# well its over for sure.



## Lostman (May 23, 2009)

Hello all. Well here's an update. STBX wife and talked a week ago about our marriage and which way it was heading. Whether or not it was savable, we both agreed that there were just to maný hurdles and other things to save it. That we make better friends than a couple. To which I am at peace with. We do talk better when not around each other. 

She also said there is a lot of other things she wants to tell me but just not ready to. I told her when your ready you're ready can't force it out of you. That does make me wonder but I don't stress over it. Just glad I finally got some closure as to which way to move forward. So that's what's going on with my sitituation. Plus I'm a lot happier now that I know. 

Thank you guys for the support and advice.


----------



## Deejo (May 20, 2008)

Letting go is difficult, even when what you are letting go of made you miserable.

Odds are the "lots of other things" she wants to tell you but isn't ready to, will simply further indicate that you made the right decision.

Same happened here. You will continue to grow stronger, not weaker - and although it may not be the outcome you hoped for, there is definitely a sense of relief in knowing what's next.


----------



## Lostman (May 23, 2009)

Yes i'm thinking the same thing about the "other things" she just not ready to tell me. you know like i said we get along just fine now. when we do chat on phone or msn we have actual conversations. I think we do make better friends than a married couple.

I dont think there is nothing wrong with that. I hope her life is filled with happiness. It just hit me over that weekend that i just had to move on and let her go. I know she will always be part of my life. We have 2 kids. I am hoping that whatever those other things are, they are not all extremely bad things. When i found out what those are Im sure ill be posting here again.


----------



## Feelingalone (Apr 22, 2009)

Sorry to hear that Lostman. Hang in there. Give going for the kids. Don't worry about the "other" things.


----------



## husbandinthemking (Oct 3, 2008)

Forget the "other things" BS completely. It is just her way of releasing her guilt and will do nothing for you.

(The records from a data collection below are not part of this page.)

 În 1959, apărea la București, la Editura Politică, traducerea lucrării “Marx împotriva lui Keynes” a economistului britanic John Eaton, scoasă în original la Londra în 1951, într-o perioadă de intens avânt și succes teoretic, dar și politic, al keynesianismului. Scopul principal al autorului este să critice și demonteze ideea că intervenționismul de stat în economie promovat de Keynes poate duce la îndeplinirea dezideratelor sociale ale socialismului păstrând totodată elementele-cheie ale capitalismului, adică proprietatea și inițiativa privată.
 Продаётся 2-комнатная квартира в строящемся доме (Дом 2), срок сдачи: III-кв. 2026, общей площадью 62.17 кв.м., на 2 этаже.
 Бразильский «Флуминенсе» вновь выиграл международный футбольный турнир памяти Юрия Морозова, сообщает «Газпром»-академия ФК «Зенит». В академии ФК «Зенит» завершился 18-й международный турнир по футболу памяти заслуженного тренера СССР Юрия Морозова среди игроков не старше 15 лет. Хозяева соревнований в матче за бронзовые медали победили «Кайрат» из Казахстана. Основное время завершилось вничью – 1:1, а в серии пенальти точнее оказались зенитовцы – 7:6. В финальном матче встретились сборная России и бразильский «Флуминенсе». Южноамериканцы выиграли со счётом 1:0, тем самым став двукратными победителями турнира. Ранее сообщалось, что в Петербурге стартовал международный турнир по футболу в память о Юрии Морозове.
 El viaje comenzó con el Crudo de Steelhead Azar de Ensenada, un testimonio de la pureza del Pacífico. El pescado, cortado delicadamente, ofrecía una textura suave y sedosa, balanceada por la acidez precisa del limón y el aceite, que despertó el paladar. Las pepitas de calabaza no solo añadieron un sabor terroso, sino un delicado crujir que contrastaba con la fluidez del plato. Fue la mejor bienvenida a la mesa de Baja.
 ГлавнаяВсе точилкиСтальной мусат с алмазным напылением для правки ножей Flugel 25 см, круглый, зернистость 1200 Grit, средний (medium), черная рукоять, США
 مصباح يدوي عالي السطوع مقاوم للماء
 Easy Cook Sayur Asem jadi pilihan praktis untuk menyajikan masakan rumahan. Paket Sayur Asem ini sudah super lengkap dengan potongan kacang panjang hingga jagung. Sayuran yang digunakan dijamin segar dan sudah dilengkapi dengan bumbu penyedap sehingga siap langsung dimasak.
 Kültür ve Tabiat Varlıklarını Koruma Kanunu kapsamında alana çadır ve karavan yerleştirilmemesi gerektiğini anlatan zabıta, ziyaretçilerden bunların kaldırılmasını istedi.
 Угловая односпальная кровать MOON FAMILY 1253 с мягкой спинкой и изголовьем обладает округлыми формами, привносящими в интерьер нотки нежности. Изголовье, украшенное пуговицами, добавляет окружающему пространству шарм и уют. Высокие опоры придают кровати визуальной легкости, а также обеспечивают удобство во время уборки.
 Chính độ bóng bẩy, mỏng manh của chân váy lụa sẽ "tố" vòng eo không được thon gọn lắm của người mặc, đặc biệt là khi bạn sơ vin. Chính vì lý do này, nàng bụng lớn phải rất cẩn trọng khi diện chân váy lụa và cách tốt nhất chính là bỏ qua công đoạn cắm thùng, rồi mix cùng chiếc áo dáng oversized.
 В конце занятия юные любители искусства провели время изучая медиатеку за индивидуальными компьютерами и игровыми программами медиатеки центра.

Unless, you want her help her with her guilt issues. This is your choice at this time. Not her choice.


----------



## Lostman (May 23, 2009)

I'm not worried about those other things. It doesn't surprise me abit. She has always hidden things from me. Especially her feelings. Like I said if she tells me then she does if not oh well. I've made the choice to move on with out her. I'm happier because of it.


----------